Dans mon dernier article, j’ai parlé de tous les avantages de la vie à Grand-Bassam et je le maintiens : Grand-Bassam est un excellent choix pour une vie plus calme, loin du boucan d’Abidjan. Elle offre un environnement plus sain à un coût de vie moindre. C’est parfait pour les familles ou les professionnels qui cherchent à mieux vivre pour moins cher. Grand-Bassam est souvent perçue comme une alternative douce, une parenthèse de sérénité par rapport à l’intensité abidjanaise.
Mais, soyons honnêtes : aucune ville n’est parfaite. Tout comme ailleurs, Grand-Bassam a ses défis. Avant de faire le grand saut, il est essentiel de connaître les réalités du quotidien, les limites logistiques et certains désavantages potentiels.
L’objectif de cet article est donc d’offrir un regard honnête, nuancé et utile à toute personne qui envisage de déménager a Grand Bassam.
1. Les Difficultés de Transports et de Mobilité Quand on Déménage à Grand Bassam
Sur la carte, Grand-Bassam semble tout proche d’Abidjan. En théorie, la distance est d’environ 30–45 minutes via le boulevard Félix Houphouët-Boigny (ex-VGE). Mais en pratique, il faut parfois compter jusqu’à 1h30 ou plus aux heures de pointe, surtout avec les embouteillages monstres à l’entrée d’Abidjan. Pour quelqu’un qui doit se rendre chaque jour au Plateau ou à Cocody, la fatigue peut vite s’accumuler. Sans compter les conséquences sur le kilométrage et l’état des voitures.

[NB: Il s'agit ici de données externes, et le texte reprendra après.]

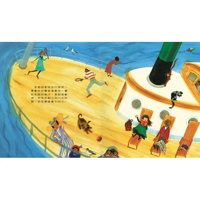 ★看完了這本書之後,小朋友可以再次打開扉頁,仔細看看那幅世界地圖,用你的小小食指指著美國,然後順著故事的發展找一找去過的國家,享受一下紙上環遊世界的樂趣吧!
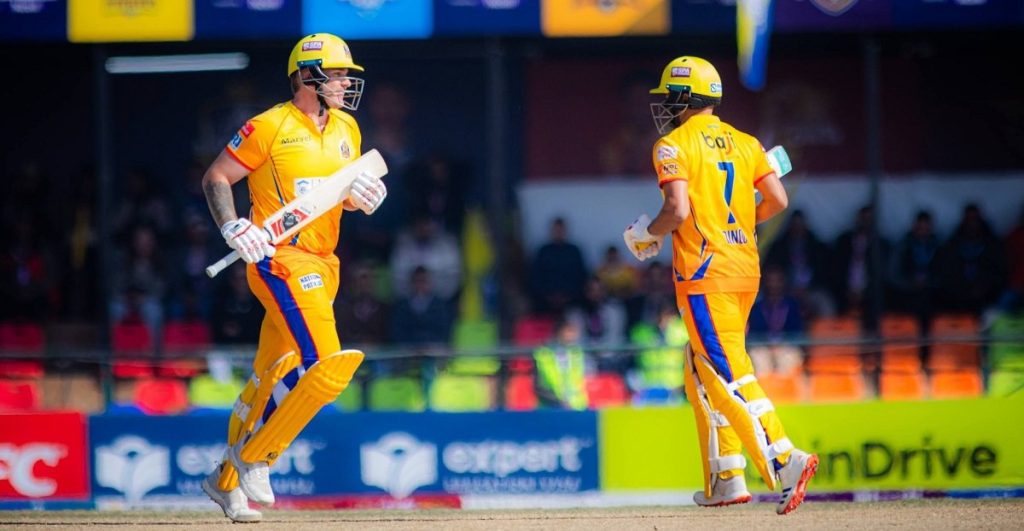 यस्तै ओपनर जोश ब्राउनले २५ बलमा २४ रन, कप्तान दीपेन्द्र सिंह ऐरीले ११ बलमा २ छक्का प्रहार गर्दै १९ रन बनाए । विनोद भण्डारीले १३ बलमा १५ रन जोडे । बलिङमा विराटनगरका कप्तान सन्दीप लामिछानेले ४ ओभरमा २० रन खर्चेर ३ विकेट लिए । अन्तिम ओभर मात्र बलिङ गरेका प्रतिश जिसीले ४ रन खर्चेर २ तथा बसिर अहमदले १ विकेट लिए ।

À l’intérieur de Bassam, la mobilité n’est pas toujours simple non plus. Certaines routes sont goudronnées, mais beaucoup restent endommagées ou impraticables en saison des pluies. Si tu n’as pas de véhicule adapté (4×4 ou voiture haute), tu risques de galérer dans certains quartiers. En effet, certaines routes se retrouvent carrément sous l’eau en saison de pluie.
Côté transport public, les options sont limitées :
- Yango fonctionne, mais reste assez cher pour des trajets réguliers.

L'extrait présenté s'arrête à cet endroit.